### Information provided
▬▬▬▬▬▬▬▬▬▬
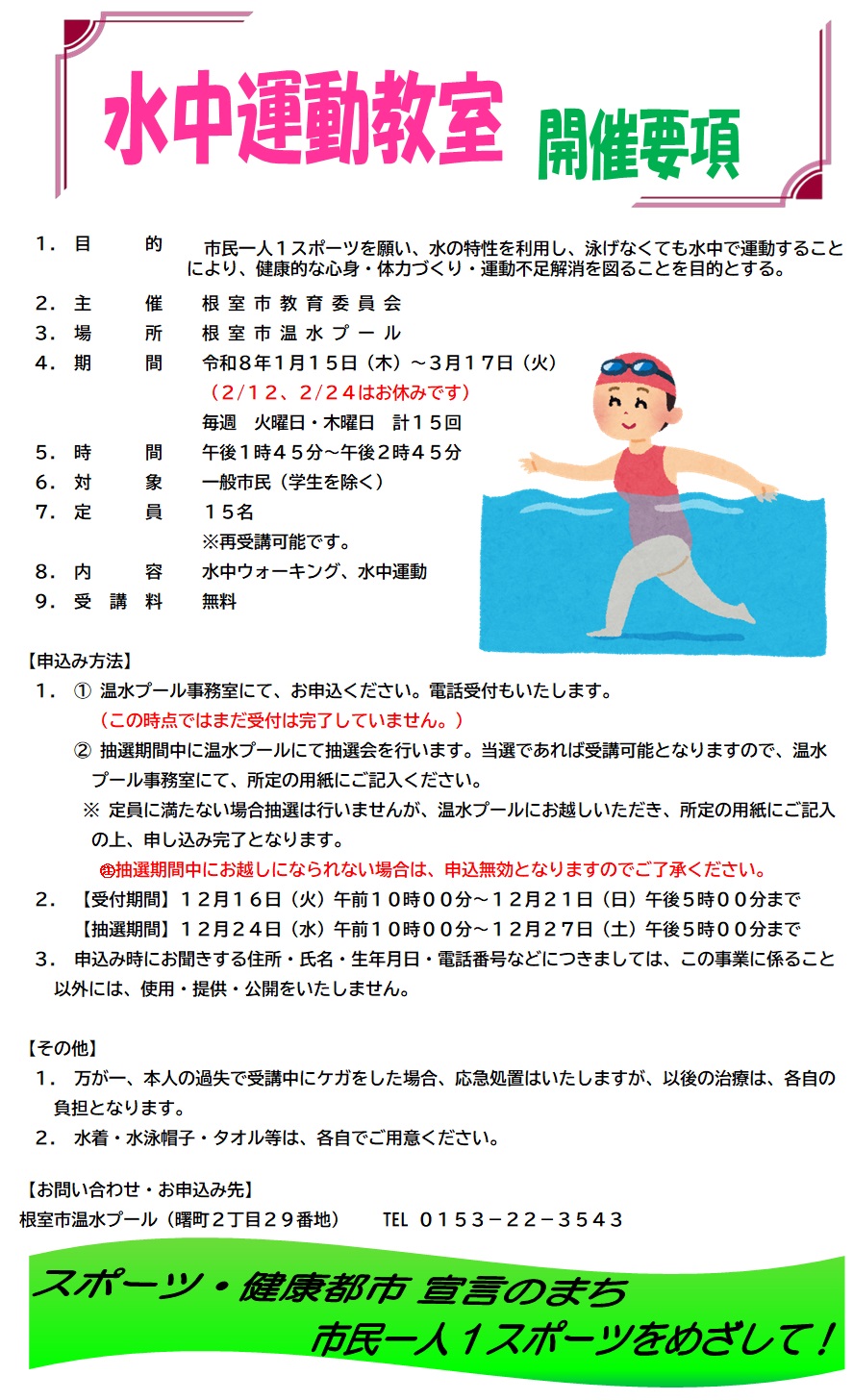 水中運動教室の受講者を募集します 【対象:一般市民(学生除く)】 この記事に関するお問い合わせ先 教育委員会スポーツ課温水プール〒087-0006北海道根室市曙町2丁目29番地根室市温水プール内電話番号:0153-22-3543 ファックス:0153-23-3392温水プールへのお問い合わせはこちら Tweet 更新日:2025年11月28日
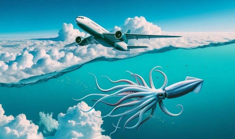 Mürekkep balığı, kendini savunmak amacıyla güçlü bir itme gücüyle hareket eder. Bu itme gücü, jet uçağının tasarımına ilham vermiştir. Jet uçaklarının itiş gücü, mürekkep balığının itme hareketinden esinlenerek geliştirilmiş ve yüksek hızda hareket etmelerini sağlamıştır.
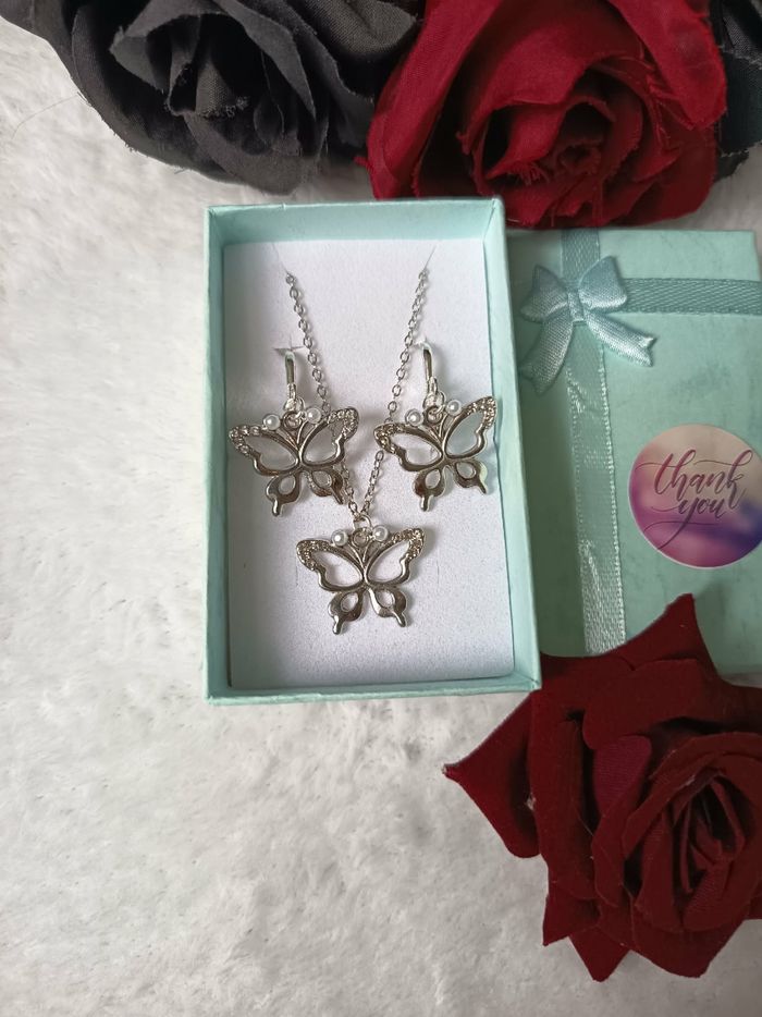 Ensemble bijoux pendentif argenté Acier inoxydable Bijoux neuf (création) Offert avec sa boite Envoi rapide ⚘️
▬▬▬▬▬▬▬▬▬▬
### What the task requires
Restate the listing word for word. Pictures do not belong in the copy.

### Result
 水中運動教室の受講者を募集します 【対象:一般市民(学生除く)】 この記事に関するお問い合わせ先 教育委員会スポーツ課温水プール〒087-0006北海道根室市曙町2丁目29番地根室市温水プール内電話番号:0153-22-3543 ファックス:0153-23-3392温水プールへのお問い合わせはこちら Tweet 更新日:2025年11月28日
 Mürekkep balığı, kendini savunmak amacıyla güçlü bir itme gücüyle hareket eder. Bu itme gücü, jet uçağının tasarımına ilham vermiştir. Jet uçaklarının itiş gücü, mürekkep balığının itme hareketinden esinlenerek geliştirilmiş ve yüksek hızda hareket etmelerini sağlamıştır.
 Ensemble bijoux pendentif argenté Acier inoxydable Bijoux neuf (création) Offert avec sa boite Envoi rapide ⚘️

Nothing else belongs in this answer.